At Glorics, our agents don't just execute tasks — they remember. They accumulate observations, learn from client feedback, and refine their behavior over weeks and months of operation. But storing memories is the easy part. Retrieving the right memory at the right moment — that's where the engineering gets serious.
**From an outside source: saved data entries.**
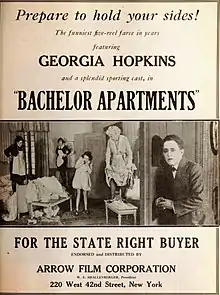 Bachelor Apartments is a 1921 American silent comedy film directed by Johnnie Walker.[1] It was distributed by the Arrow Film Corporation.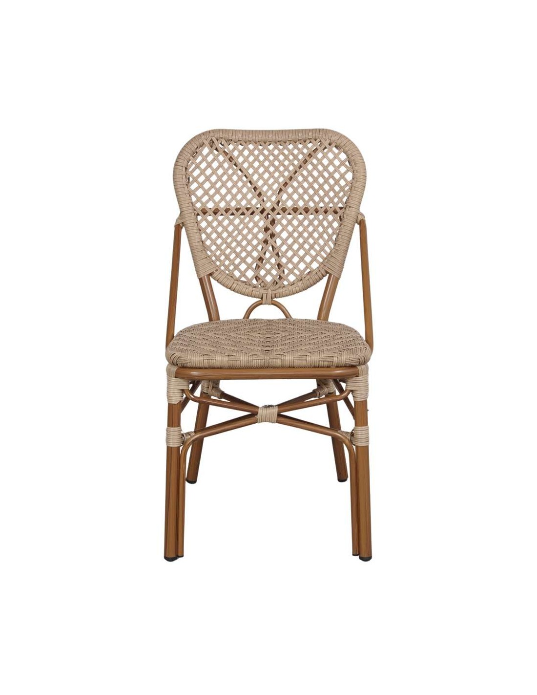 Silla estilo Bistró - Vintage, con estructura en aluminio pintado efecto bambú, asiento en ratán sintético acabado natural y respaldo en rejilla estilo cannage a tono. Es perfecta para dar un toque de distinción a la decoración de exteriores como terrazas, patios o jardines. Además es una silla muy confortable, gracias a la flexibilidad que ofrece el ratán sintético. Es ideal para el hogar o también locales de hostelería y restauración. Apilable.
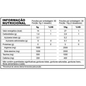 Ingredientes: Cloridrato De L-Arginina, Beta-Alanina, Maltodextrina, Taurina, Beterraba Em Pó, Melancia Em Pó, Cafeína, Extrato De Laranja Amarga, Acidulante Ácido Cítrico, Antiumectante Dióxido De Silício E Fosfato Tricálcico, Aromatizante Idêntico Ao Natural, Edulcorante Sucralose E Acessulfame De Potássio, Corante.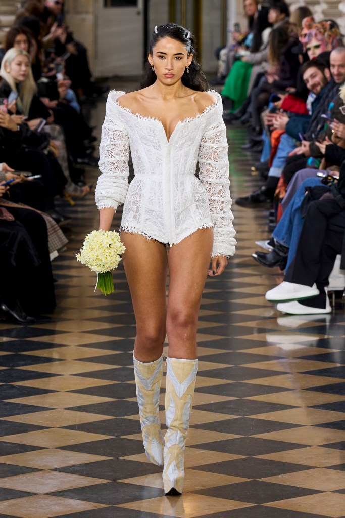 Η επίδειξη έκλεισε με ένα ανατρεπτικό νυφικό που φόρεσε η εγγονή της Γουέστγουντ, Cora Corre.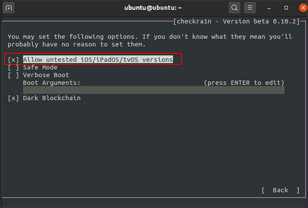 然后选择Allow untested iOS/iPadOS/tvOS versions 然后点击下方Back 回到上一页,最后按下Start 开始越狱即可;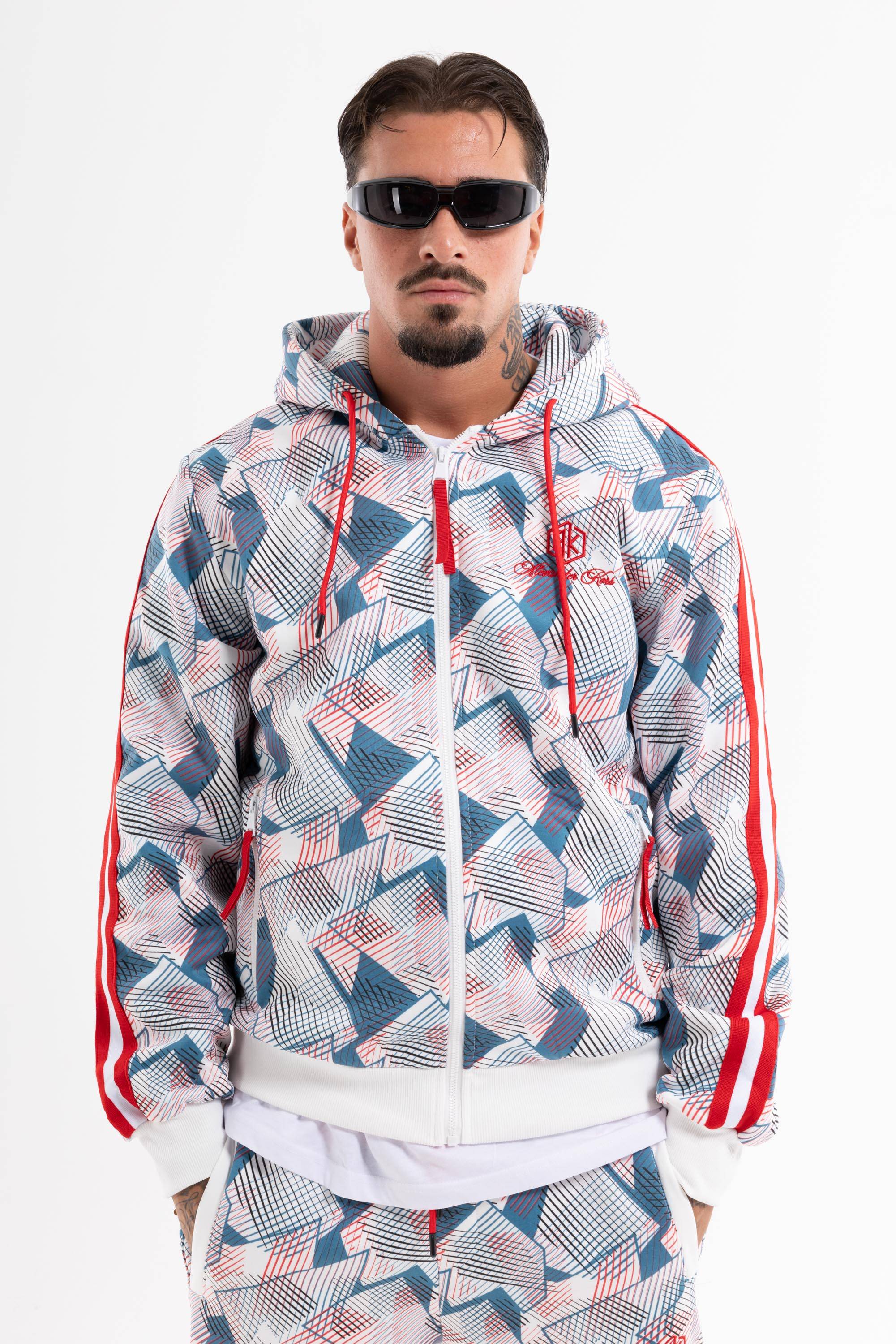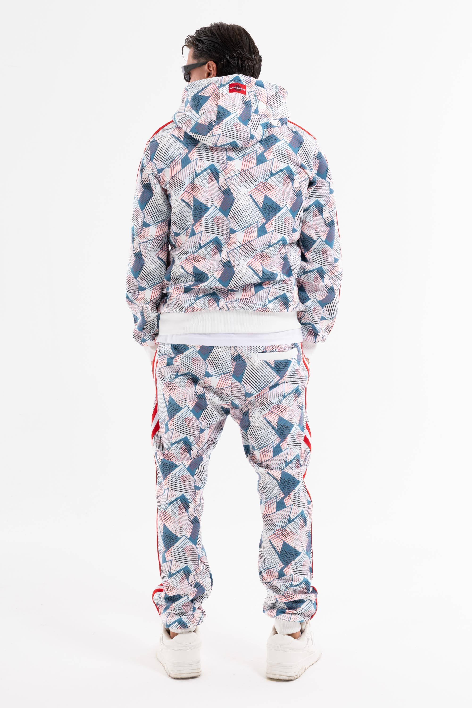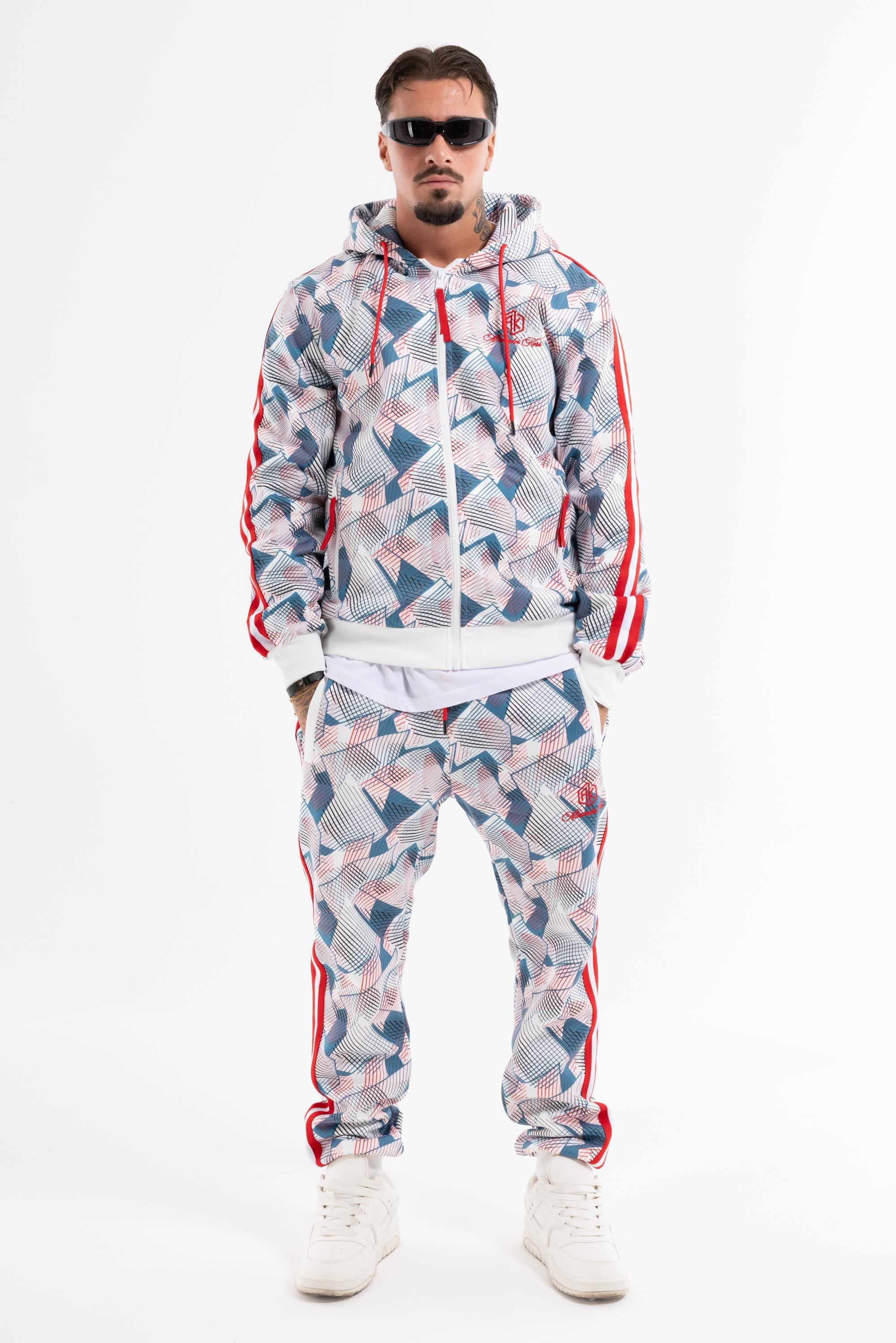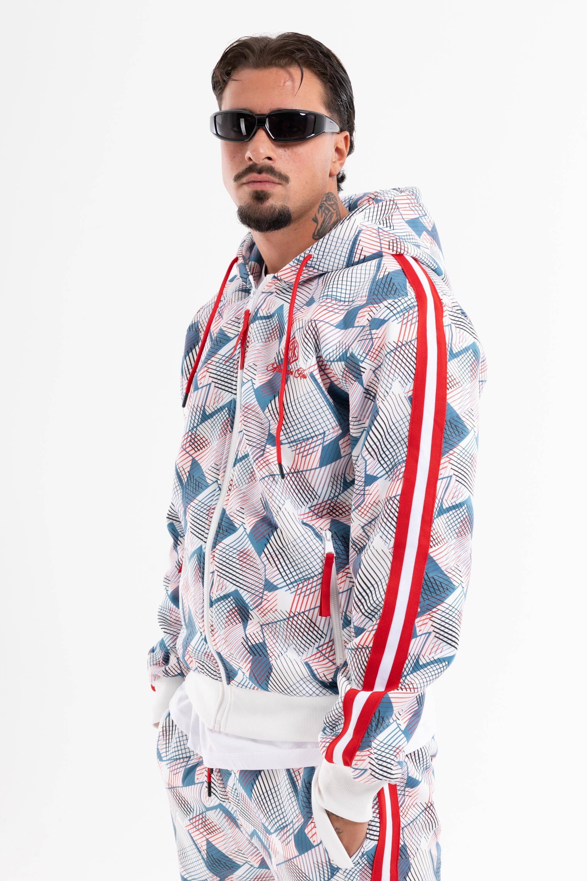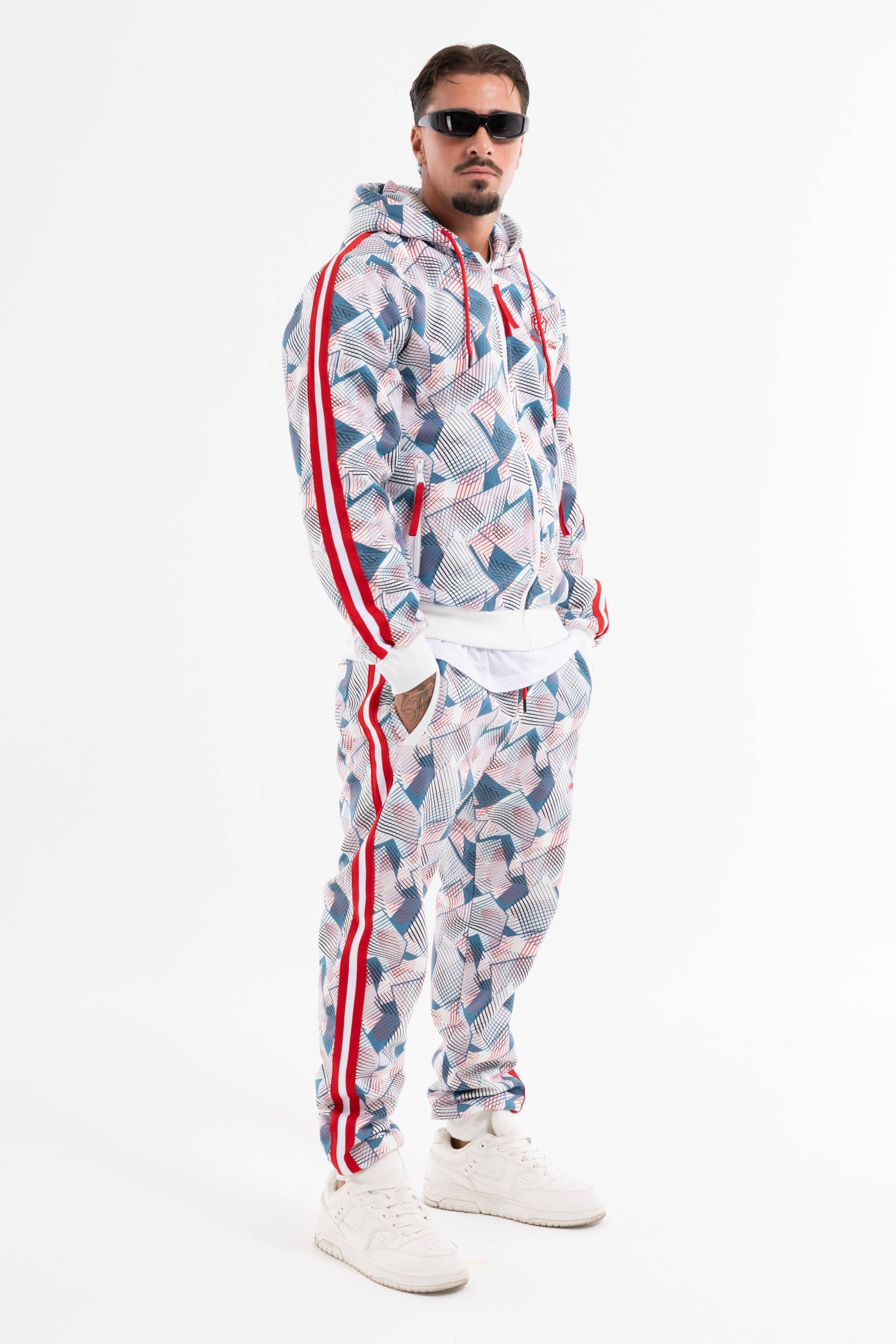 Tuta dallo stile originale e sportivo perfetta per il tempo libero.Pattern geometrico con dettagli acontrasto logo su petto e gamba felpa con zip ecappuccio polsini e caviglie elasticizzati.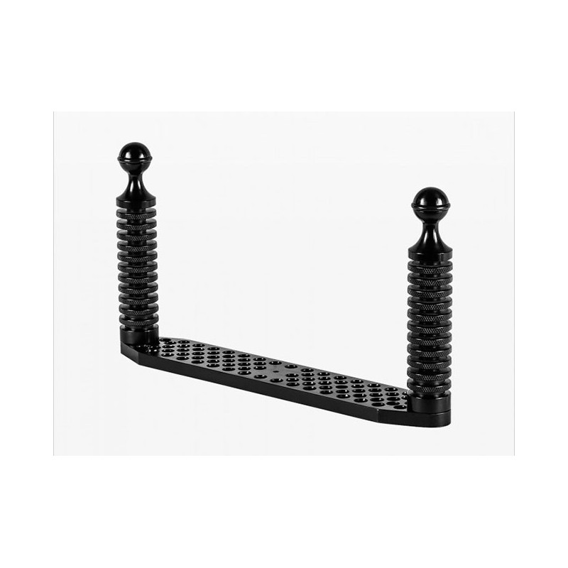 Camera base is made from anodised aluminum. Comfortable in use due to two easy-to-grip handles equiped with a ball adapter each, ready for attaching video lights or video arms.

This article takes you inside Agentics, the memory intelligence layer of the Glorics platform. We'll show you how 12 autonomous agents maintain, search, and cross-reference their memories using a hybrid architecture that combines keyword precision with semantic understanding. Here are the building blocks:
Before we talk about search, you need to understand where memories are stored. Every Glorics agent has a soul — a structured markdown document that contains everything the agent knows. Not a vague embedding blob, not a key-value store. A readable, editable, human-auditable document.
The soul is organized in three hierarchical levels, from the most general to the most specific:
Each project-level soul contains six sections: Identity, Brand Voice, Domain Context, Rules, What I've Learned (auto-observations + human notes), and Performance Summary. The agent accumulates observations automatically — when a content piece gets scored, when a SERP position changes, when the human adds notes like "focus on implant content."
The soul is plain markdown in a textarea. Not a WYSIWYG editor, not a form wizard. This is a deliberate design choice — the same approach used by Claude Projects, Cursor rules, and every modern AI tool. Humans can read it, edit it, audit it. The agent's memory is never a black box.
The problem: until now, the entire soul was injected into the agent's prompt at every run. All observations, all notes, everything — regardless of relevance. The copywriter writing about dental implants received observations about orthodontics, whitening, and periodontics. The signal was buried in noise.
That's why we built the Soul Search System — the hybrid retrieval layer that sits on top of the soul. The soul stays the source of truth. Soul Search makes it searchable.
Keyword search is the most direct retrieval method. You look for exact matches between query terms and stored content. It's fast, it's precise on identifiers, and it's the backbone of every search system ever built.
At Glorics, we use BM25 through SQLite's FTS5 extension — the same algorithm that powers Elasticsearch and Lucene, but embedded in a single file with zero server overhead. BM25 doesn't just find matches — it ranks them by factoring in term frequency and document length:
score(D, Q) = Σ IDF(qi) × [ f(qi, D) × (k1 + 1) ] / [ f(qi, D) + k1 × (1 - b + b × |D|/avgdl) ]
Where:
f(qi, D) = frequency of term qi in document D
|D| = document length
avgdl = average document length
k1, b = tuning parameters (typically k1=1.2, b=0.75)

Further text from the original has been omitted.